Recently, I came again to the same idea independently. I was trying to compute the symbol error rate of \(m\)-FSK and even though I remembered that the problem about LRTC was related, I had forgotten about Wei’s formula and the trick used to obtain it. So I thought of something on my own. Later, digging through my emails I found the messages Wei and I exchanged about this and saw that I had arrived to the same idea and formula. Maybe the trick was in the back of my mind all the time.

Due to space constraints, the BER formula for LRTC and its mathematical derivation didn’t make it into the Longjiang-2 paper. Therefore, I include a small section below with the details.
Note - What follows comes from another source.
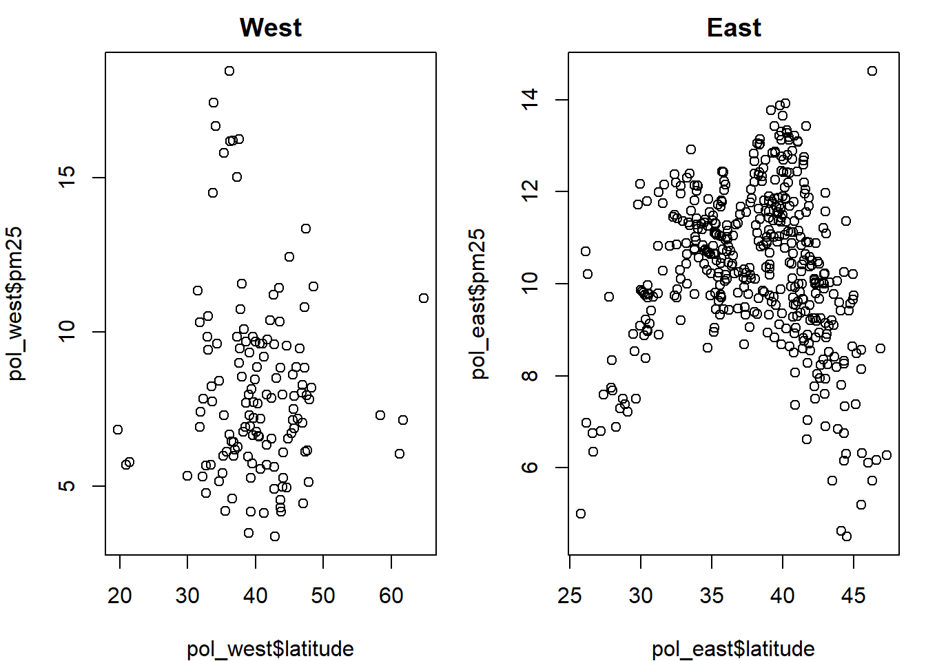plot(pol_east$latitude, pol_east$pm25, main="East")

We will assume that the symbols sent by the transmitter are a set of orthonormal vectors \(\{v_1,\ldots,v_m\}\) in a space which is either \(\mathbb{C}^N\) in the discrete time case, or \(\mathbb{C}^{[0,T]}\), the set of functions from the interval \([0,T]\) to \(\mathbb{C}\), in the continuous time case (though the space where these vectors live is not so important, as long as one is able to define white Gaussian noise on it, in the precise sense given below).

Note that this is the case in \(m\)-FSK whenever the tones are orthogonal, meaning that the frequency spacing between each pair of tones is an integer multiple of the symbol rate, and there is no pulse shape filtering. In particular this setting does not cover GFSK.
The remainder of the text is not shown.